In the system design phase, requirements were gathered to develop an end-to-end architecture on Amazon Web Services (AWS), encompassing real-time data ingestion through Amazon Kinesis and Amazon Simple Email Service, data storage on Amazon S3, and AI-based anomaly and phishing detection using AWS Lambda. The prototype stage featured the integration of Random Cut Forest (RCF) for unsupervised anomaly detection and DistilBERT for phishing classification, enabling near real-time analysis of network and email data streams. MISP was hosted on Amazon EC2 and integrated with external threat feeds via STIX/TAXII, creating a closed-loop system that continuously refines shared Indicators of Compromise (IoCs).

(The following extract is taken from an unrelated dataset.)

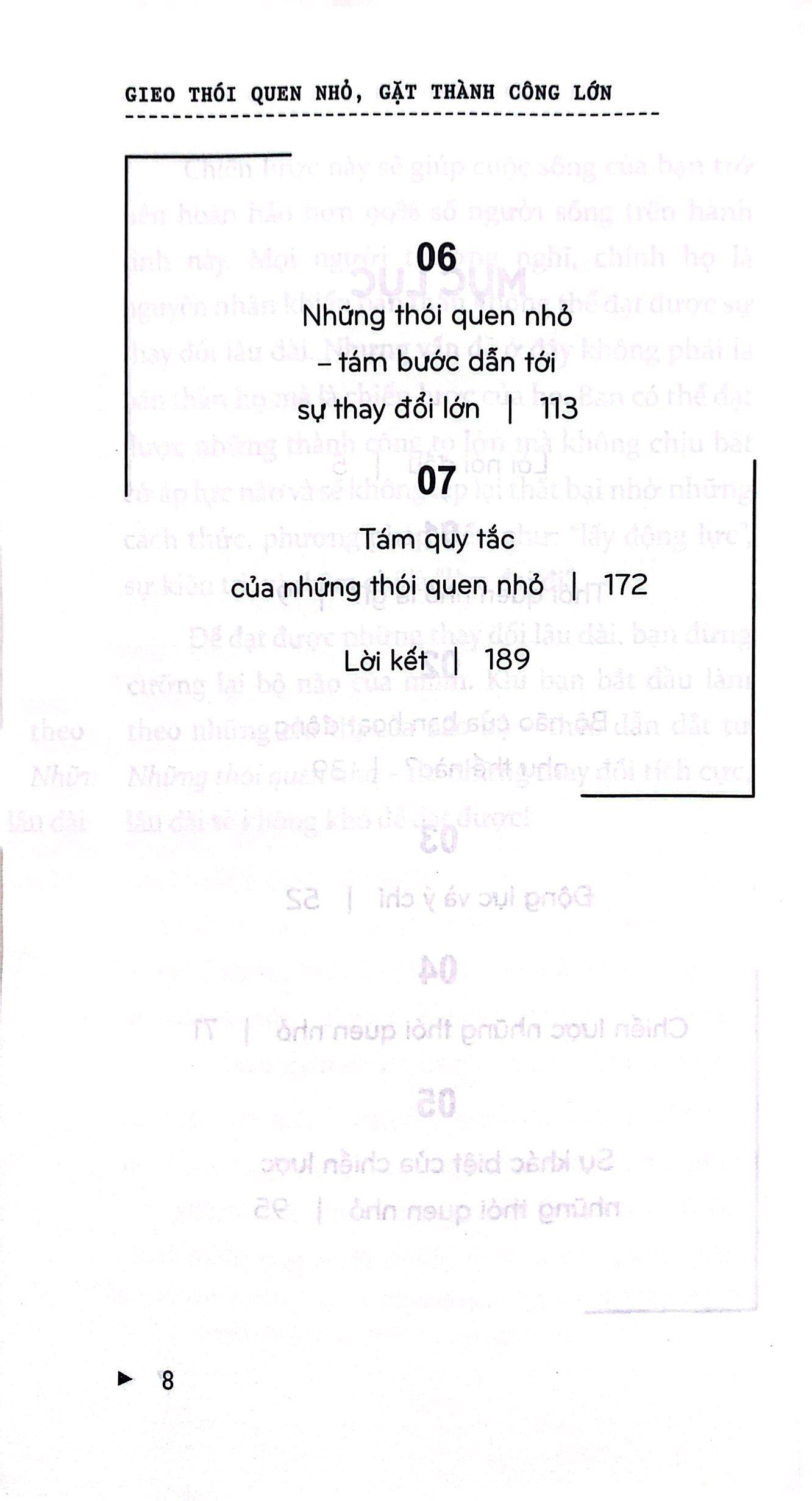 Mọi người thường nghĩ, chính họ là nguyên nhân khiến bản thân không thể đạt được sự thay đổi lâu dài. Nhưng vấn đề ở đây không phải là bản thân họ mà là chiến lược của họ. Bạn có thể đạt được những thành công to lớn mà không chịu bất cứ áp lực nào và sẽ không lặp lại thất bại nhờ những cách thức, phương pháp kiểu như: “lấy động lực”, sự kiên trì, và thậm chí là “làm đại đi”. Để đạt được những thay đổi lâu dài, bạn đừng cưỡng lại bộ não của mình. Khi bạn bắt đầu làm theo những chỉ thị của não bộ – theo dẫn dắt từ Gieo thói quen nhỏ, gặt thành công lớn – thì những thay đổi tích cực, lâu dài sẽ không khó để đạt được!

Pilot testing involved three schools in Camarines Norte, where simulated attack scenarios validated the system’s practical effectiveness. Results revealed high detection accuracy, with reduced false positives once IoCs were regularly enriched through MISP. The automated alerting workflow significantly shortened time-to-detection and time-to-response when compared to traditional security approaches.
Quantitative metrics confirmed improvements in detection speed, precision, and recall, while qualitative feedback highlighted the system’s ease of use, scalability, and cost efficiency. These findings underscore the potential of AI-enhanced solutions underpinned by threat intelligence sharing, illustrating a robust, sustainable approach to improving cybersecurity in the education sector.